Et ceci n’est pas une image, mais un fait abondamment et quotidiennement répété et cultivé à travers toute la terre.
Et c’est ainsi, si délirante que puisse paraître cette affirmation, que la vie présente se maintient dans sa vieille atmosphère de stupre, d’anarchie, de désordre, de délire, de dérèglement, de folie chronique, d’inertie bourgeoise, d’anomalie psychique (car ce n’est pas l’homme mais le monde qui est devenu un anormal), de malhonnêteté voulue et d’insigne tartufferie, de mépris crasseux de tout ce qui montre race,
de revendication d’un ordre tout entier basé sur l’accomplissement d’une primitive injustice,
de crime organisé enfin.
Ça va mal parce que la conscience malade a un intérêt capital à cette heure à ne pas sortir de sa maladie.

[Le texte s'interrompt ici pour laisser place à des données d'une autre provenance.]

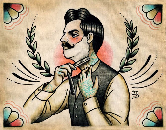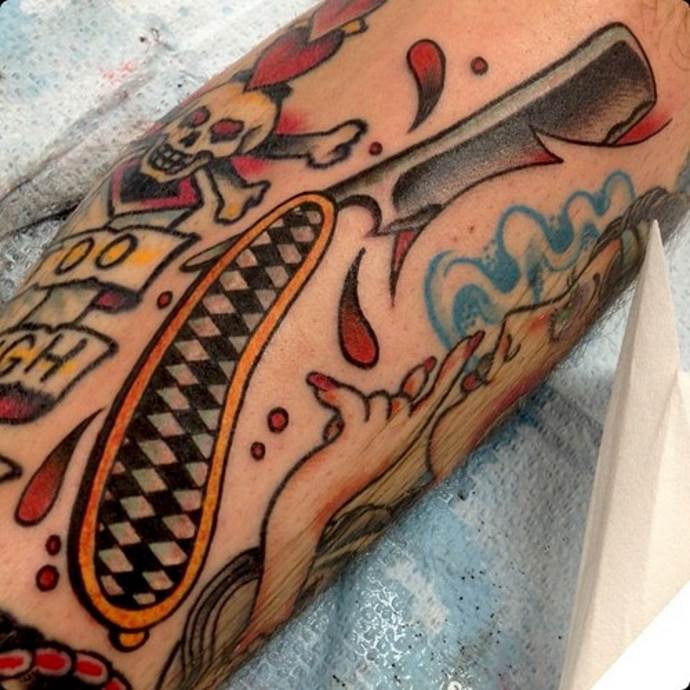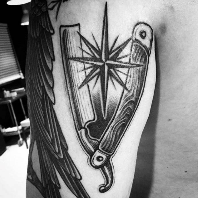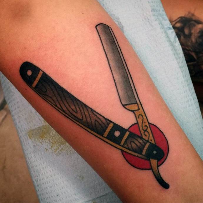 Per compensare la sete di sangue e l'energia negativa del rasoio, uno stile old-school farà il trucco. La tecnica, che ha avuto origine con i marinai americani nel XIX secolo, continua a tenere banco nella body art di oggi. Il tatuaggio non è prominente per convessità e volume, ma attira l'attenzione con i suoi colori saturi e i suoi contorni chiari. Il profilo ampio è il segno distintivo di questo stile. Una pistola, una ragnatela e un'iscrizione a tema possono essere aggiunti a una lama di rasoio. Allora la composizione sarà unica ed esclusiva. La schiena, la spalla, la gamba, la coscia e il petto sono adatti a disegni su larga scala.

C’est ainsi qu’une société tarée a inventé la psychiatrie pour se défendre des investigations de certaines lucidités supérieures dont les facultés de divination la gênaient.
Gérard de Nerval n’était pas fou, mais il fut accusé de l’être afin de jeter le discrédit sur certaines révélations capitales qu’il s’apprêtait à faire,
et outre que d’être accusé, il fut encore frappé à la tête, physiquement frappé à la tête une certaine nuit afin de perdre la mémoire des faits monstrueux qu’il allait révéler et qui, sous l’action de ce coup, passèrent en lui sur le plan supra-naturel, parce que toute la société, occultement liguée contre sa conscience, fut à ce moment-là assez forte pour lui faire oublier leur réalité.
Non, Van Gogh n’était pas fou, mais ses peintures étaient des feux grégeois, des bombes atomiques, dont l’angle de vision, à côté de toutes les peintures qui sévissaient à cette époque, eût été capable de déranger gravement le conformisme larvaire de la bourgeoisie second Empire et des sbires de Thiers, de Gambetta, de Félix Faure, comme ceux de Napoléon III.
Antonin Artaud, Van Gogh le suicidé de la société [début], dans Œuvres, édition établie, présentée et annotée par Évelyne Grossman, Quarto/Gallimard, 2004, p. 1439-1440.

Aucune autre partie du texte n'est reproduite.